A joker with huge folds of wrinkled, pink skin jumped onto the hood and waved a sign that said "NATS ARE RATS" on one side and "WHAT ABOUT US?" on the other. There was chanting up ahead. Spector couldn't make out what they were saying.

"Far as we go, mister," said the cabbie. "I ain't playing joker-bait for a hundred dollars or a hundred thousand."

"How far to the hotel?" Spector had his luggage in the back seat with him. He'd figured it would be a mess downtown, and he didn't want to spend any more time than absolutely necessary picking through a crowd of pissed-off jokers.

"About two blocks straight ahead." The driver looked around nervously as one of the taillights was kicked in. "I'd move it if I were you."

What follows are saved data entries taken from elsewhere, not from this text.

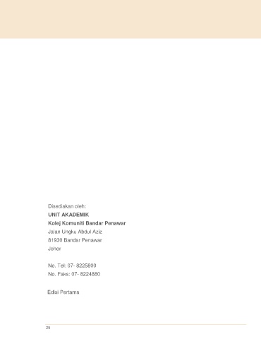 Disediakan oleh: UNIT AKADEMIK Kolej Komuniti Bandar Penawar Jalan Ungku Abdul Aziz 81930 Bandar Penawar Johor No. Tel: 07- 8225800 No. Faks: 07- 8224880 Edisi Pertama 29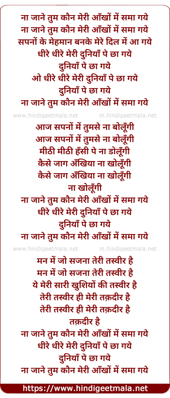 Lyrics of Na Jane Tum Kaun Meri Ankhon Me Sama Gaye - ना जाने तुम कौन मेरी आँखों में समा गये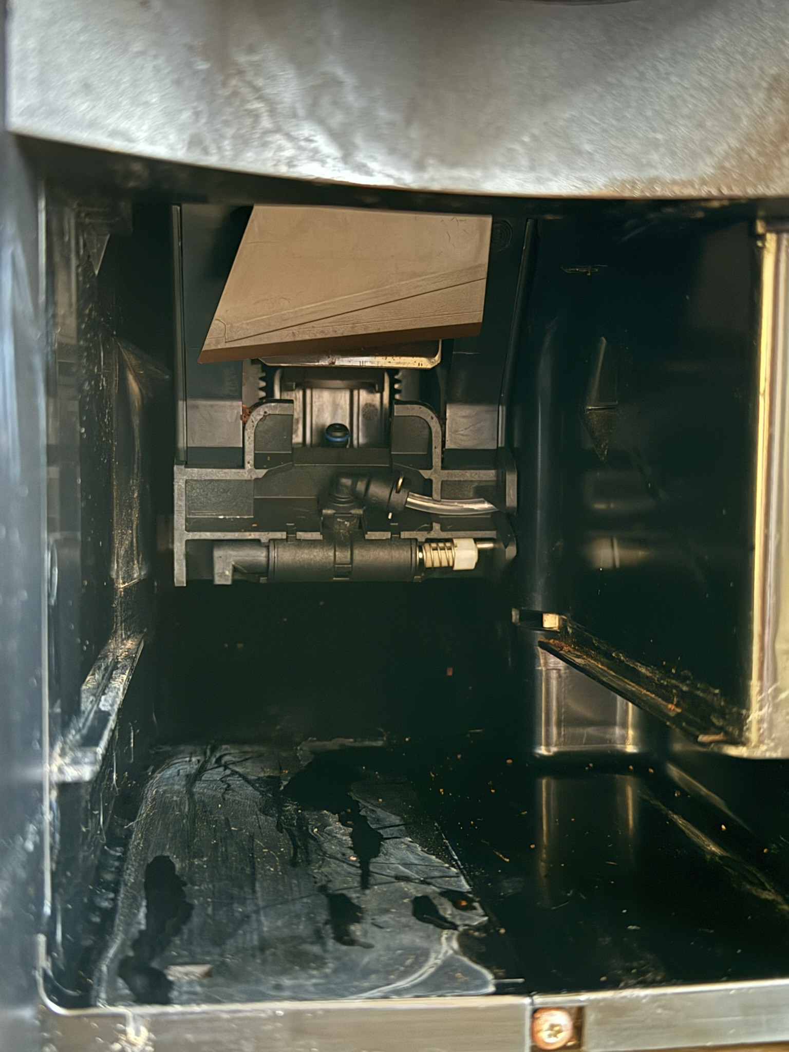 Nach dem Wiederanschließen: Kaffeepulver fällt gefühlt trocken in die Schale & keine Flüssigkeit kommt aus dem Auslauf.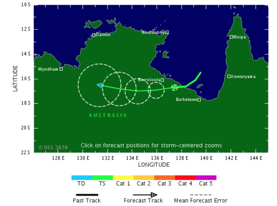 La tempête tropicale Esther qui s'est formé dans le Golfe de Carpentia dans le Nord de l'Australie a touché terre près de la frontière du NT et du Queensland en tant que système de catégorie un.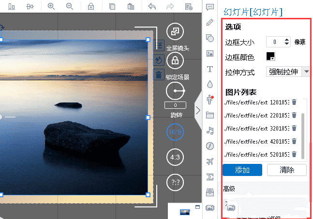 若需要替换所添加的图片,可通过“清除”和“添加”按钮进行操作,然后设置图片幻灯片的边框、边框颜色、拉伸方式和不透明度。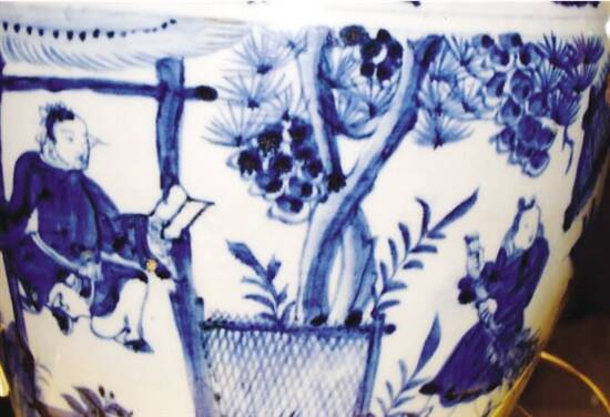 该大罐高27.6厘米。腹部以精湛的绘画工艺再现了三顾茅庐的历史故事画卷。其采用了进口“苏泥勃青”料绘制,青花发色青翠浓艳。主画面诸葛亮身穿长袍,盘膝坐在松树下,一书童双手捧书匣站立一旁,左前方一童子正倾身禀告。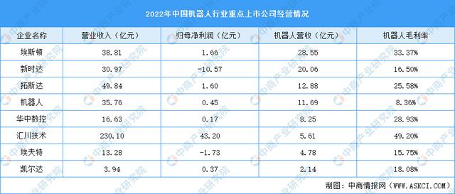 工業(yè)機(jī)器人行業(yè)重點(diǎn)上市公司經(jīng)營情況對比分析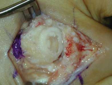 Артротомия и дебридмент в настоящее время применяется всё реже. Помимо удаления свободных хондромных тел, резекции воспаленной синовиальной оболочки, могут применяться рассверливание головки плюсневой кости, интерпозиция сухожилия длинного разгибателя пальцев в полость сустава.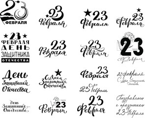 Set of 23 February card. Translation 23 February. The Day of Defender of the Fatherland.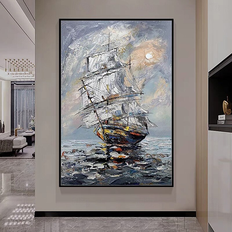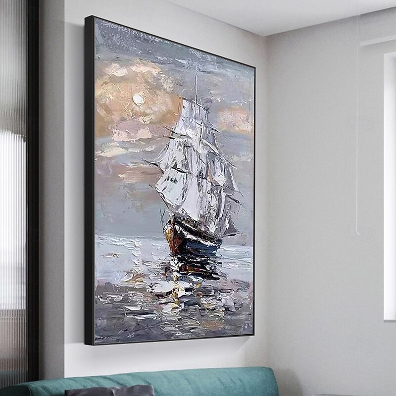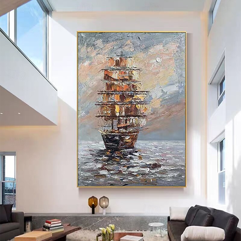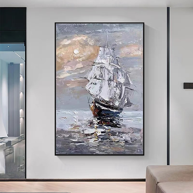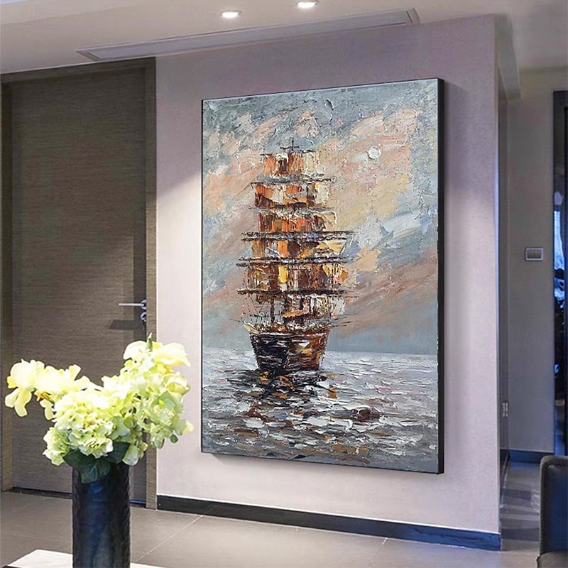 Mintura Handmade Abstract Bost Landscape Oil Paintings On Canvas Wall Art Decoration Modern Picture For Home Decor Rolled Frameless Unstretched Painting 7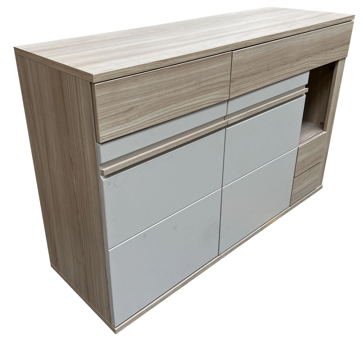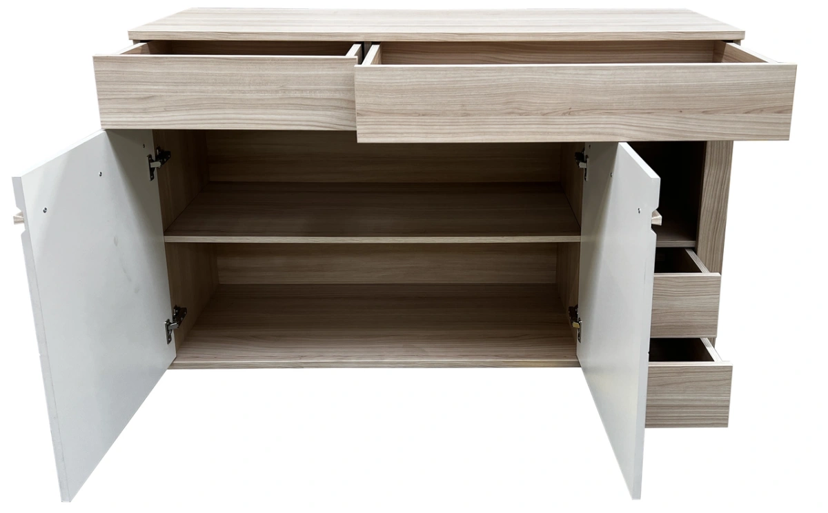 Komoda „Oslo OS12“ – su dviem spintelėmis, stalčiais ir dviem nišomis. Galerijoje – tikros nuotraukos iš antrojo mėnesio.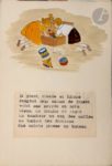 [ENFANTINA - MANUSCRIT]. Ribambelles. S.l., s.d. [vers 1950]. —In-4, en feuilles, couverture rempliée. Joli livre pour enfants entièrement manuscrit mettant en scène Claude et Liliane. Il se compose d'une couverture et de 24 feuillets comprenant une partie textuelle et un dessin original à l'aquarelle, à l'exception du troisième feuillet où le texte a été copié à la machine puis collé. Ce manuscrit semble inédit, peut-être réalisé pour un usage privé. Couverture brunie sur les bords, quelques petites déchirures sans manque sur les bords.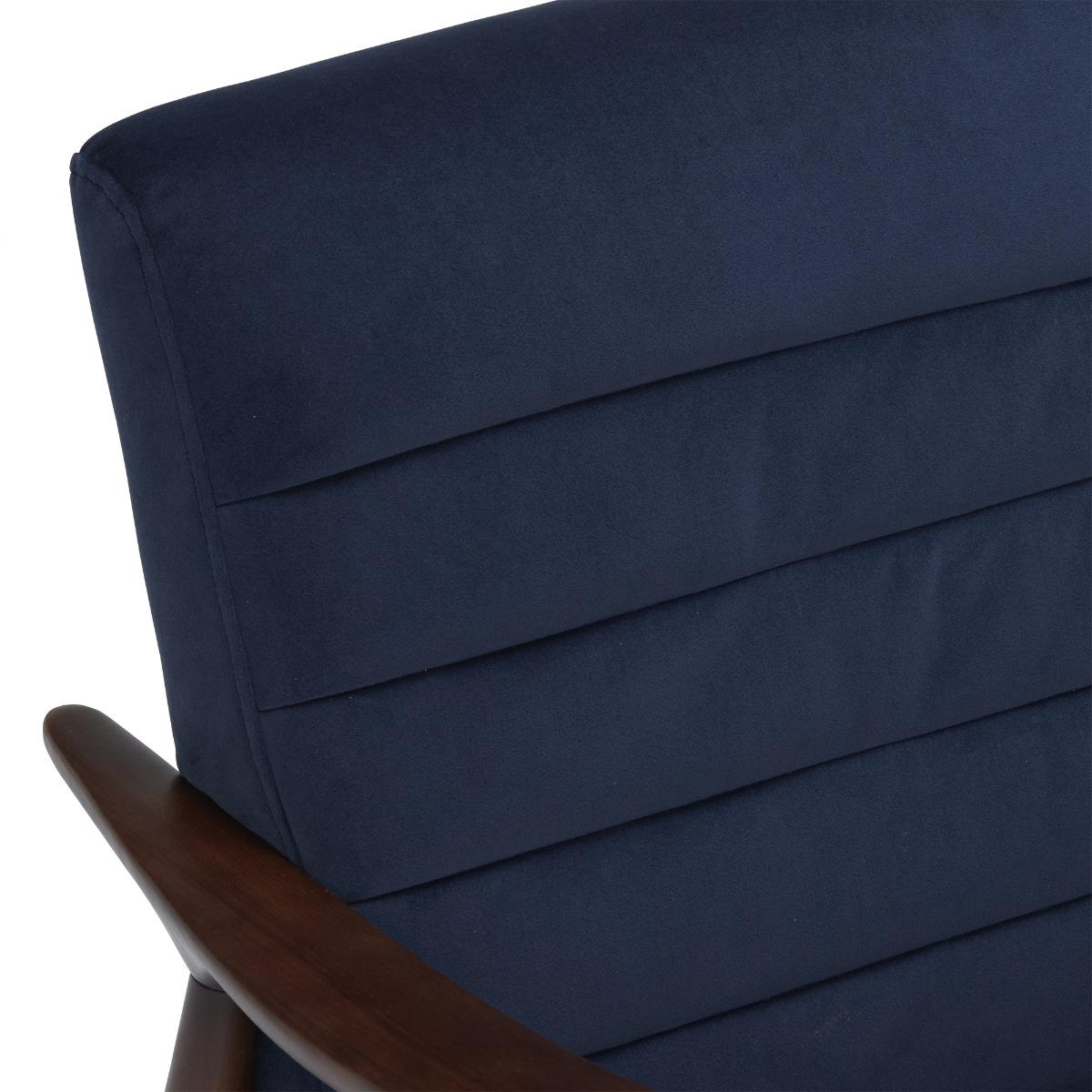 The beautiful Hockney Velvet Armchair, Blue is the perfect addition to your contemporary living space. Boasting a luxurious charm,thesoftfoam andfibreseat cushions are wrapped in a sumptuousdeepblue velvetdetailed with modern horizontal lines andcomplementing the rich, dark wooden arms and feet. Stylishand super comfortable, take time to sit back and relax whilst reading your favourite bookonthe sublime Hockney Velvet Armchair.

"Right." Spector opened the car door carefully and stepped out onto the crowded sidewalk. Some of the jokers made faces at him or raised their fists, but most didn't give him any trouble. He moved forward slowly, unhappily aware that his new suit and luggage would make him conspicuous, and a likely target.

After about ten minutes of pushing and shoving, the hotel was just across the street. Spector was covered in sweat and starting to smell like the freaks around him. A joker with needle-like fingernails stepped in front of him and took a swipe at his suitcase, shredding one side. Spector caught his eye and fed him just enough death-pain to make the joker collapse. He didn't want to risk stirring up this mob with a killing. Hot as it was, these bimbos wouldn't think twice about someone passing out.

The crowd was beginning to break up, doubtless to re-form somewhere else, as he stepped into the hotel lobby. It was open all the way to the roof. The building's curves reminded him of the inside of something dead. Spector took a breath of cool air and walked over to the security area. Herbert Baird, you're Herbert Baird, Herbert Baird, he thought.

There were several uniformed cops and suited men with earpieces waiting for him. "Identification, please," said one of the cops.

Spector pulled out his wallet, trying consciously to relax, and handed over the driver's license. The cop took it and passed it over to a man sitting at a computer terminal. The man typed for an instant, his fingers blurring on the keys, then paused, and finally nodded.